【愛の◯◯】大井町さんの、大泣き。

 

波乱は翌朝に起こった。

 

× × ×

 

晩ごはんを作ってあげて一緒に食べた。

それから一夜をともに過ごした。

そして朝を迎えた。

 

朝の小鳥の鳴き声がドアの外から聞こえてくる。

わたしは玄関の前に立っている。

「それじゃあね、大井町さん。

 元気出しなさいよ?

 キャンパスや学生会館で会えるの、楽しみにしてるわ。

 困ったときは、助けてあげるから」

大井町さんがわたしに近寄ってくる。

「部屋が汚くなったら、呼んでよ。すぐにキレイにしてあげられるんだから」

言い足すわたし。

「じゃ、またね」

後ろの大井町さんに微笑みかけて、靴を履こうとする。

ところが。

ところが、ところが。

靴を履くために屈(かが)もうとした、その瞬間。

 

わたしの背中に……大井町さんが……抱きついてきた……!

 

「ど、どうしたの!?!?」

ビックリのわたし。

ビックリ状態のわたしから、大井町さんが離れない。

ギューーッと引っついている。

しかも、わたしを抱く強さがどんどん増してきている。

強くしがみつく彼女。

 

つまり。

つまり、つまりは。

 

大井町さんは……わたしに、行ってほしくないのだ。

部屋を出てほしくないのだ。

 

その証拠に、

はねださん、いかないで……。いかないで、いかないでっ

という、涙声が、わたしの耳に響く。

弱く湿った声で、

いっちゃヤダ……。もっと、ここにいて

と言う彼女。

わたしを必死に引き留める、コトバと、抱く腕の強さ。

 

× × ×

 

落ち着かせて、ベッドに座らせる。

その右隣に寄り添ってあげる。

これは、非常事態。

 

「もしかして、学業がうまくいってないんじゃないの? あなた」

そっと訊く。

訊かれた彼女は、

「どうしてわかったの……」

と弱い声。

「どういうふうにピンチなのかな」

「……学業が?」

「学業が」

無言。

沈黙。

ひたすら彼女の顔を見守るわたし。

見守っていたら、彼女の眼に涙が浮かんできた。

涙を流しながら、

「連休明けに……課題を提出しなくちゃいけない講義が、3つあって……だけど、3つともできなくって……。なにもできずに、連休、明けちゃって……。もう単位、取れない……。単位を落としたら、奨学金もらえない、大学にも居られない……」

わたしは冷静に、

「他には? 出席できてない講義とかもあるんじゃない?」

と訊く。

すると、眼を伏せて、

「ある……。

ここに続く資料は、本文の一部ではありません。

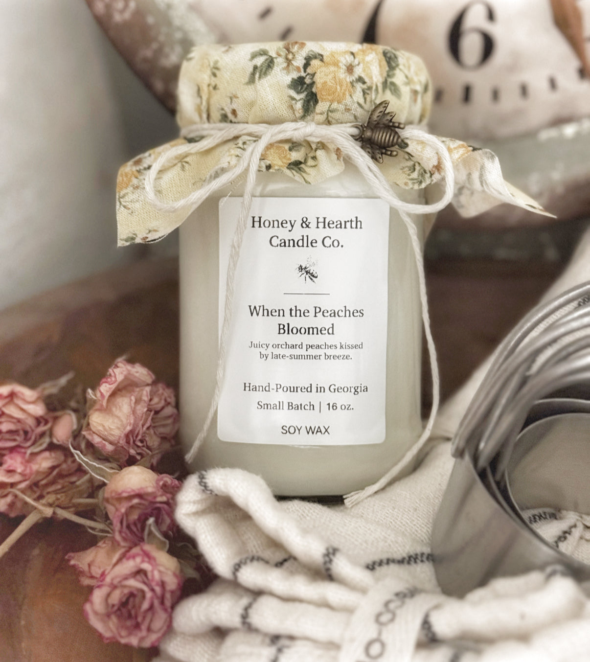 The orchard hums with golden light and velvet fruit. Juicy peaches kissed by summer air, a fragrance that ripens with warmth and memory. Soy Wax. Small Batch | 16 oz.

初回だけ出て、それから1回も行ってない講義が……いくつも」

と、さらに弱々しい声で。

ポタポタと涙が落ちている。

床が濡れちゃうかもしれない勢い。

かわいそうになって、左手を右肩に置いてあげる。

「よしよし。つらかったのね」

慰めた、その直後。

泣きじゃくり状態の彼女が、上半身を抱きしめてきた。

声を上げて、わんわんわんわん泣く。

部屋の外まで漏れちゃうんじゃないかという勢いで、ひたすら泣きじゃくる。

号泣というレベルではなかった。

今までわたしが見てきた大井町さんとは、ギャップが激しすぎる。

 

こんなに泣き虫だったんだ。

わたしも涙もろいほうなんだけど、今の大井町さん、次元が違うぐらい泣き虫になってる。

どうにもできない、どうにもならない。

そう思ってるからこそ、こんなに泣きわめくんだろう。

わたしの手だって借りたいわよね。

死活問題の4文字以外の何物でもないんだもの。

 

泣きすぎて疲れたのか、彼女の鳴き声がかすれてきている。

こんな彼女を独りにさせておくわけにはいかない。

 

だから、

「――わたしにいい考えがあるわ、大井町さん」

と言って、彼女の頭頂部を柔らかく撫(な)でてあげる。